Optimal Selection of Interconnections in Composite Systems for Structural Controllability

TL;DR

This paper develops a polynomial-time algorithm to identify the minimal set of interconnections needed to ensure structural controllability in composite systems of identical subsystems.

Contribution

It introduces an optimal algorithm for selecting the smallest interconnection set to maintain controllability in composite systems.

Findings

Algorithm finds minimal interconnection set efficiently.

Ensures structural controllability with fewer links.

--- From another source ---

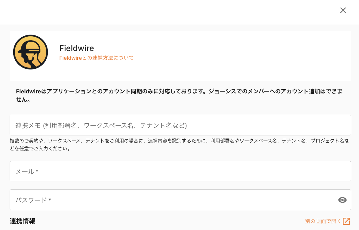 ジョーシスのアプリ連携ページでFieldwireを連携する手順です

Applicable to systems with identical subsystem patterns.

Abstract

In this paper, we study structural controllability of a linear time invariant (LTI) composite system consisting of several subsystems. We assume that the neighbourhood of each subsystem is unconstrained, i.e., any subsystem can interact with any other subsystem. The interaction links between subsystems are referred as interconnections. We assume the composite system to be structurally controllable if all possible interconnections are present, and our objective is to identify the minimum set of interconnections required to keep the system structurally controllable. We consider structurally identical subsystems, i.e., the zero/non-zero pattern of the state matrices of the subsystems are the same, but dynamics can be different. We present a polynomial time optimal algorithm to identify the minimum cardinality set of interconnections that subsystems must establish to make the composite system structurally controllable.